Data entries:
+-------+
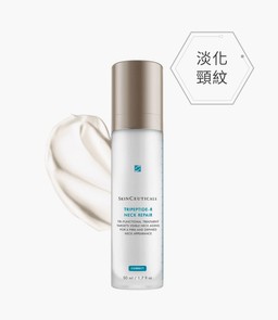 SkinCeuticals 三肽緊緻淡紋頸霜的主要成分針對補充肩頸的膠原蛋白,彈性蛋白及醣胺聚醣,對抗肩頸老化根源問題。成分包含0.2%維他命A,可刺激膠原蛋白增生,預防皺紋,撫平現有細紋和皺紋;2.5%三肽濃縮精華,增加表皮和真皮層透明質酸,改善頸部肌膚輪廓;5%海罌粟鹼複合物,減少脂肪細胞分化。
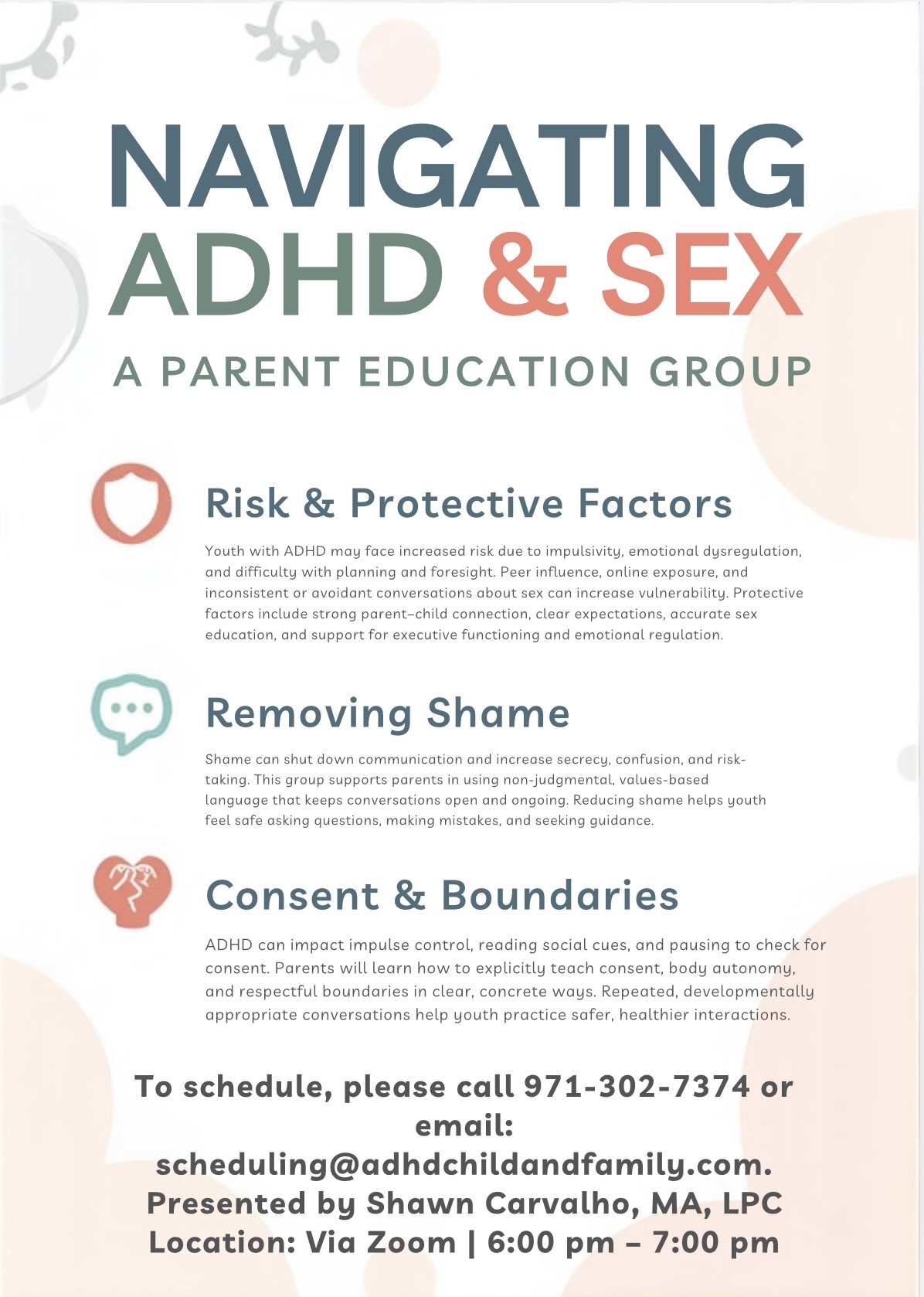 Organizer Shawn Carvalho, MA, LPC Website https://adhdchildandfamily.com/providers/shawn-carvalho-ma-lpc-2/ Local Time Timezone: America/New_York Date: Feb 11 2026 Time: 9:00 pm - 10:00 pm + Add to Google Calendar + iCal / Outlook export
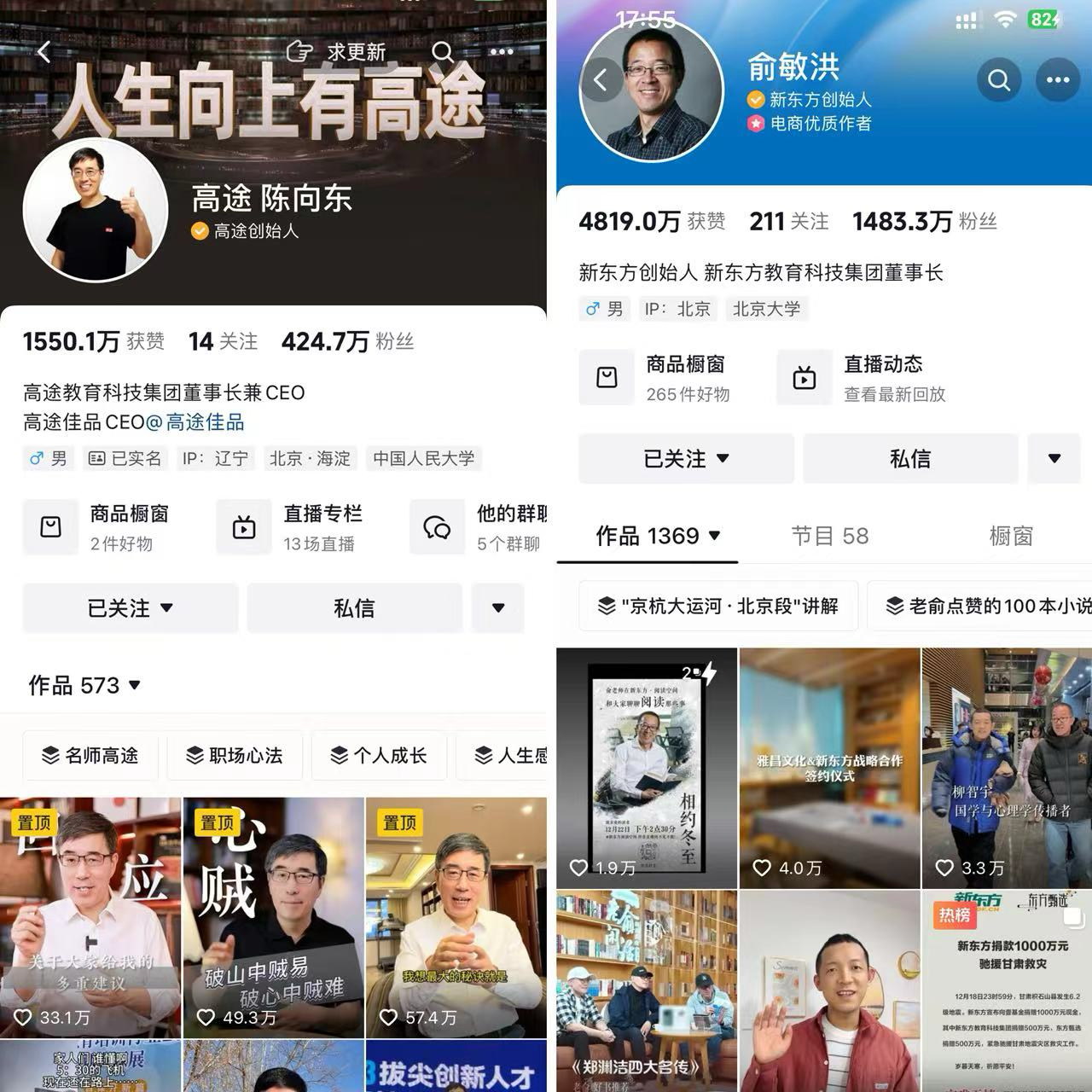 此外,陈向东在2023年1月正式开通了自己的个人账号,名为“高途佳品CEO”,以成长、职场、创业等话题为内容,与俞敏洪个人账号内容定位相仿,如今该账号粉丝数已经达到了424.7万。
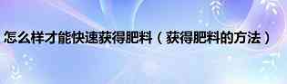 当前位置: 首页 > 生活问答 > 金湾生活 > 怎么样才能快速获得肥料
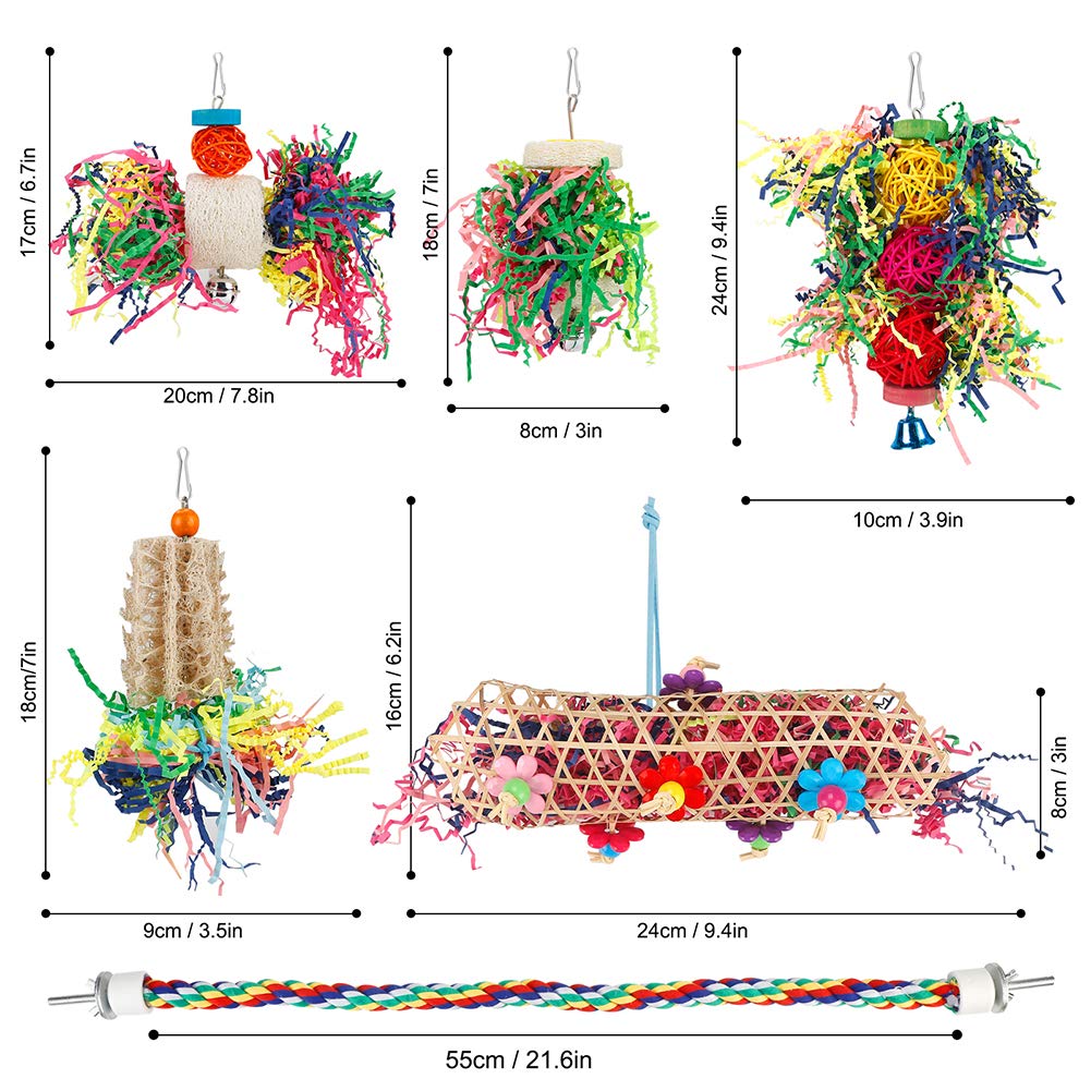 【Safe To Play】: These Parrot Cage Shredder toys are made of natural loofah, rattan balls,wood, stuffe with brightly colored crinkly papers which is very safe for your bird friends to chew. Hand-woven bird toys you can hide their treats in it which is an excellent selection for your pet friends who have a urge to chew and forage.
+-------+
What to do:
Transcribe exactly, and only, the lines from the one containing "此外,陈向东在2023年1月" through the last line of the records above, both included; leave out the pictures.

Answer for the task:
 此外,陈向东在2023年1月正式开通了自己的个人账号,名为“高途佳品CEO”,以成长、职场、创业等话题为内容,与俞敏洪个人账号内容定位相仿,如今该账号粉丝数已经达到了424.7万。
 当前位置: 首页 > 生活问答 > 金湾生活 > 怎么样才能快速获得肥料
 【Safe To Play】: These Parrot Cage Shredder toys are made of natural loofah, rattan balls,wood, stuffe with brightly colored crinkly papers which is very safe for your bird friends to chew. Hand-woven bird toys you can hide their treats in it which is an excellent selection for your pet friends who have a urge to chew and forage.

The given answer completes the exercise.